What drove and drives you drove and drives me too

Gord Downie in Cleveland, Ohio 2015

The Tragically Hip – House of Blues – Cleveland, OH – Jan 16, 2015, by The Tragically Hip; found on flickr.com; CC BY-NC-ND 2.0

At the risk of turning this blog into nothing more than a moan at dead musicians (farewell, Tom Petty), I need to write about Gord Downie. I wrote last year when he shared his diagnosis with us all. I stayed up til 2am local time to watch the webcast of the final concert in Kingston. (Canadians abroad – it’s what we do.) And I grieved when word came down last week that he had died. I was just heading out my office door to catch a series of trains to Cambridge, and I was pleased that the usually sluggish wifi on the train perked up, allowing me to dip in and out of Twitter and all the obits and personal memories.

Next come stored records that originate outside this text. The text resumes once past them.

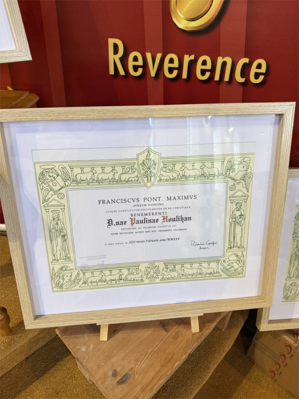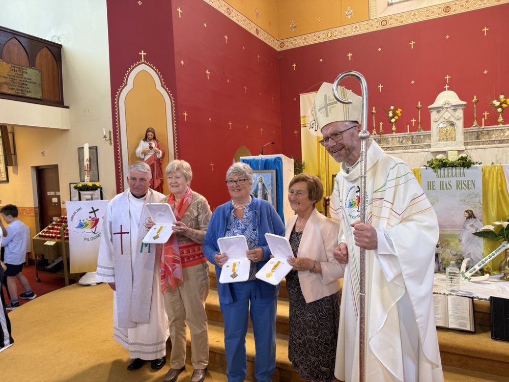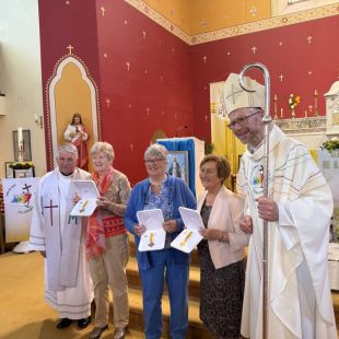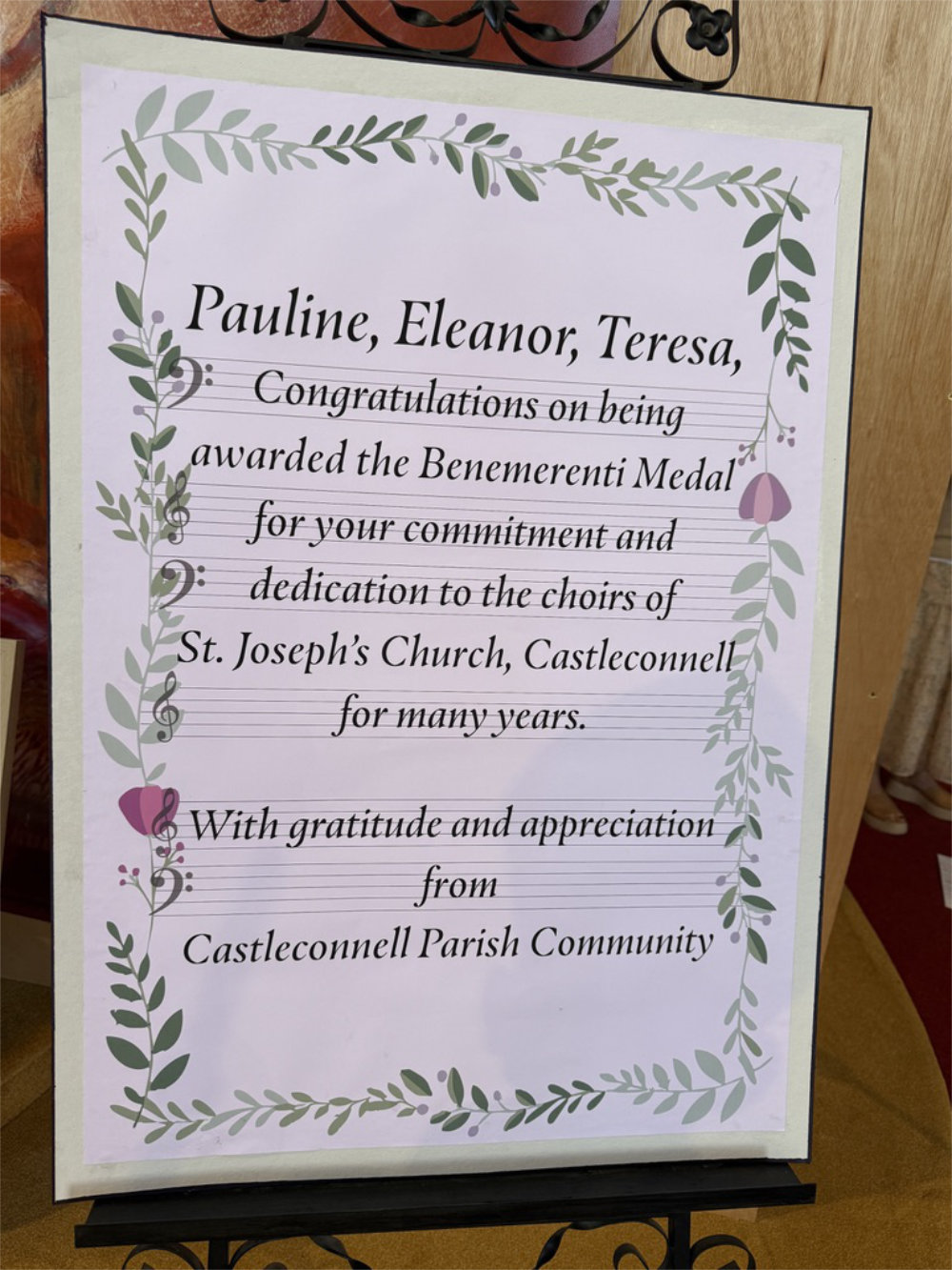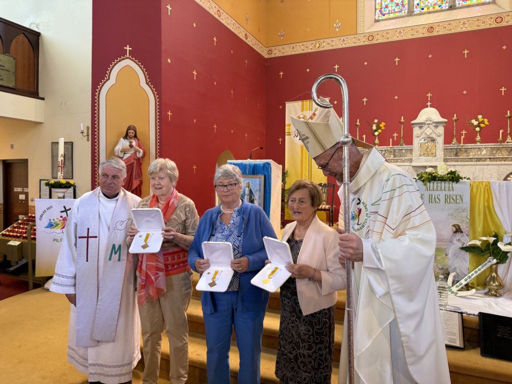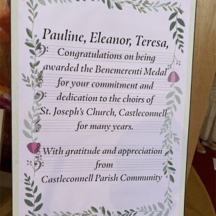 Congratulations to Pauline Houlihan, Teresa Jones and Eleanor Kingston who were presented with Benemerenti Medals for lifelong service to the Church in Castleconnell, Co. Limerick. Thanks to Fr. Willie Teehan, pastoral minister Dolores Madden and all in St. Joseph’s Church who assisted them on the day.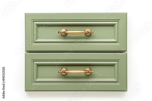 Cabinet door samples in market in a row. Green Kitchen wooden cabinet door, brass door handles, furniture isolated on white. Chic look in the room. Trendy interior units. Home improvement concept.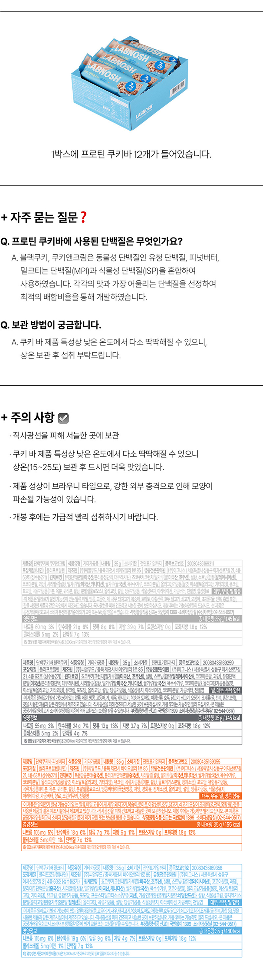 품목또는명칭 [랩노쉬] 프로틴 쿠키바 블랙 12개입

The best resource that’s come out of it (external to Gord himself, of course; we’ll grab his new solo album and learn once more what an artist can teach us about how to die) appeared on YouTube a few days ago. Fifteen videos from Canadian musicians, recorded at George Stroumboulopoulos’s place for CBC – initially for New Year’s Day as part of a four-hour indulgence of our not-so-latent passion for The Tragically Hip.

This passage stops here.